The citizens of Arthur Miller’s Salem of 1692 would
consider the very concept of a private life heretical. The government
of Salem, and of Massachusetts as a whole, is a theocracy, with
the legal system based on the Christian Bible. Moral laws and state
laws are one and the same; sin and the status of an individual’s
soul are public concerns. An individual’s private life must conform
to the moral laws, or the individual represents a threat to the
public good.
Regulating the morality of citizens requires surveillance.
For every inhabitant of Salem, there is a potential witness to the
individual’s private crimes. State officials patrol the township,
requiring citizens to give an account of their activities. Free
speech is not a protected right, and saying the wrong thing can
easily land a citizen in jail. Most of the punishments, such as
the stocks, whipping, and hangings, are public, with the punishment
serving to shame the lawbreaker and remind the public that to disagree
with the state’s decisions is to disagree with God’s will.

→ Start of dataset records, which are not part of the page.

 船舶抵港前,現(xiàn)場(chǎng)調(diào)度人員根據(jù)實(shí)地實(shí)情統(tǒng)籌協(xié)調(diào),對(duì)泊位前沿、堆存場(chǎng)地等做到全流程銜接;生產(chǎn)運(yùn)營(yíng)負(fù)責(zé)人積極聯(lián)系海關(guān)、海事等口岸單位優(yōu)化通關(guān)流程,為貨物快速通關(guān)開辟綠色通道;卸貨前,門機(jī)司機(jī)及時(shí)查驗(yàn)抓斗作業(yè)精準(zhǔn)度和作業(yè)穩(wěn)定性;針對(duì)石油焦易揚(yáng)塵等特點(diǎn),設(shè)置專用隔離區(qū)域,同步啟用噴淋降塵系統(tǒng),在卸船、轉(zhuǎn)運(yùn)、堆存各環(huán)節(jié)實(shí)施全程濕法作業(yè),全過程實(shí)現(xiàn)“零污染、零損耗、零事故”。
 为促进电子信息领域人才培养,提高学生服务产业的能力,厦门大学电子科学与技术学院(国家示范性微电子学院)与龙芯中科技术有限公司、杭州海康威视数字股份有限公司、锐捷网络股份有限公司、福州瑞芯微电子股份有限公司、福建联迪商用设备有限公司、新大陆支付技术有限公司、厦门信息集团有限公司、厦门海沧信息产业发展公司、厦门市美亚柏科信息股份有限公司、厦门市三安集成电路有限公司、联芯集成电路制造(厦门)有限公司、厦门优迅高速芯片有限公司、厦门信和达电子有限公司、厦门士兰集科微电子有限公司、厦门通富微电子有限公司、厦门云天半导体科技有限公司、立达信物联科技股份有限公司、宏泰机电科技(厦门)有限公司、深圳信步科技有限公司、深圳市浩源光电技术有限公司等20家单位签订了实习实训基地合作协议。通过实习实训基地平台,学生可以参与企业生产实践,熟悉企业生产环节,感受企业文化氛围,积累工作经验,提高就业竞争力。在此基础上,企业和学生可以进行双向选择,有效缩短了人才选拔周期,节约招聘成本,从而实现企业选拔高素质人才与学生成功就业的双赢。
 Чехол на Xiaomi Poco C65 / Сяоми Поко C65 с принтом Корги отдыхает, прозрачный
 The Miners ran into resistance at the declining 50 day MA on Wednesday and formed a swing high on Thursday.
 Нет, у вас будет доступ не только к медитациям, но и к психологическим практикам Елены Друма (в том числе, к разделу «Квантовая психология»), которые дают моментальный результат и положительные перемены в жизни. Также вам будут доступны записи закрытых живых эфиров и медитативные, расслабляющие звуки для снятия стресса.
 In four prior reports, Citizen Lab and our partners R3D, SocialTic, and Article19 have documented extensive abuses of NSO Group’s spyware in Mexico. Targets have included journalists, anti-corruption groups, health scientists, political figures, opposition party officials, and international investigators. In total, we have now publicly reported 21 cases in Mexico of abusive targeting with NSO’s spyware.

The Crucible introduces a community full
of underlying personal grudges. Religion pervades every aspect of
life, but it is a religion that lacks a ritual outlet to manage
emotions such as anger, jealousy, or resentment. By 1692,
Salem has become a fairly established community, removed from its
days as an outpost on a hostile frontier. Many of the former dangers
that united the community in its early years have lessened, while
interpersonal feuds and grudges over property, religious offices,
and sexual behavior have begun to simmer beneath the theocratic
surface. These tensions, combined with the paranoia about supernatural
forces, pervade the town’s religious sensibility and provide the
raw materials for the hysteria of the witch trials.

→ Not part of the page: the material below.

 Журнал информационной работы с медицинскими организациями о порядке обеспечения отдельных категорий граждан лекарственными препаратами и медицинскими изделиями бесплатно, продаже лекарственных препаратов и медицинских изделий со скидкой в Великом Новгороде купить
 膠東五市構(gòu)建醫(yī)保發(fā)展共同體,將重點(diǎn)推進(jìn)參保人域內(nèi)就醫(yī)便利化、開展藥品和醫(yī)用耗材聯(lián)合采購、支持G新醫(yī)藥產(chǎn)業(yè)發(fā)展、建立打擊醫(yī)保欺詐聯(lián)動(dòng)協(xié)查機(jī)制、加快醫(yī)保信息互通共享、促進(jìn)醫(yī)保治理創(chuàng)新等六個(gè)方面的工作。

On the surface, Parris appears to be an anxious, worried
father. However, if we pay close attention to his language, we find
indications that he is mainly worried about his reputation, not
the welfare of his daughter and their friends. He fears that Abigail,
Betty, and the other girls were engaging in witchcraft when he caught
them dancing, and his first concern is not the endangerment of their
souls but the trouble that the scandal will cause him. It is possible—and likely,
from his point of view—that members in the community would make
use of a moral transgression to ruin him. Parris’s anxiety about
the insecurity of his office reveals the extent to which conflicts
divide the Salem community. Not even those individuals who society
believes are invested with God’s will can control the whim of the
populace.
The idea of guilt by association is central to the events
in The Crucible, as it is one of the many ways
in which the private, moral behavior of citizens can be regulated.

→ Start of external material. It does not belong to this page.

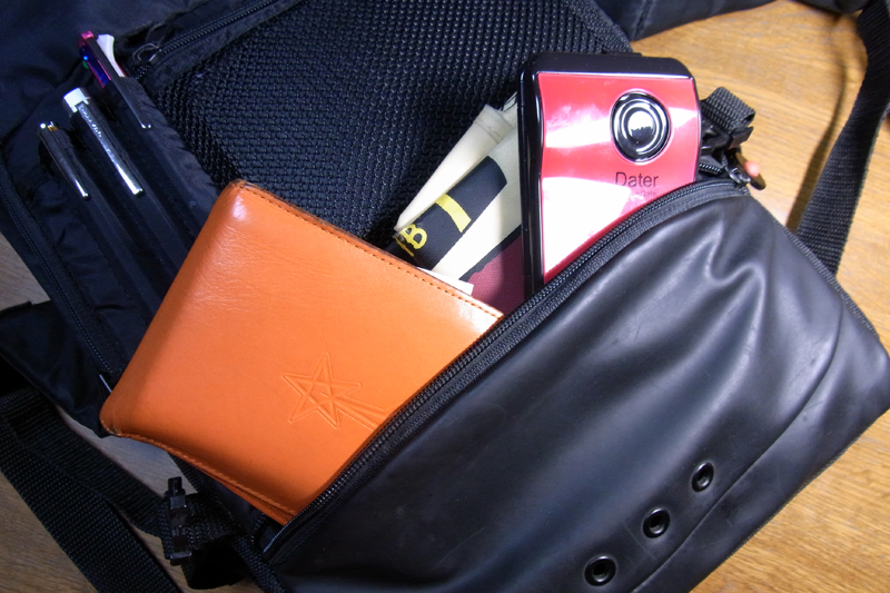下部のポケットには財布とDATERとエコバッグを。

An individual must fear that the sins of his or her friends and
associates will taint his or her own name. Therefore, the individual
is pressured to govern his or her private relationships according
to public opinion and public law. To solidify one’s good name, it
is necessary to publicly condemn the wrongdoing of others. In this
way, guilt by association also reinforces the publicization of private
sins. Even before the play begins, Abigail’s increasingly questionable
reputation, in light of her unexplained firing by the upright Elizabeth
Proctor, threatens her uncle Parris’s tenuous hold on power and
authority in the community. The allegations of witchcraft only render
her an even greater threat to him.
Putnam, meanwhile, has his own set of grudges against
his fellow Salemites. A rich man from an influential Salem family,
he believes that his status grants him the right to worldly success.
Yet he has been thwarted, both in his efforts to make his brother-in-law
minister, and in his family life, where his children have all died
in infancy. Putnam is well positioned to use the witch trials to
express his feelings of persecution and undeserved failure, and
to satisfy his need for revenge. His wife feels similarly wronged—like
many Puritans, she is all too willing to blame the tragic deaths
of her children on supernatural causes—and seeks similar retribution
for what she perceives as the malevolent doings of others.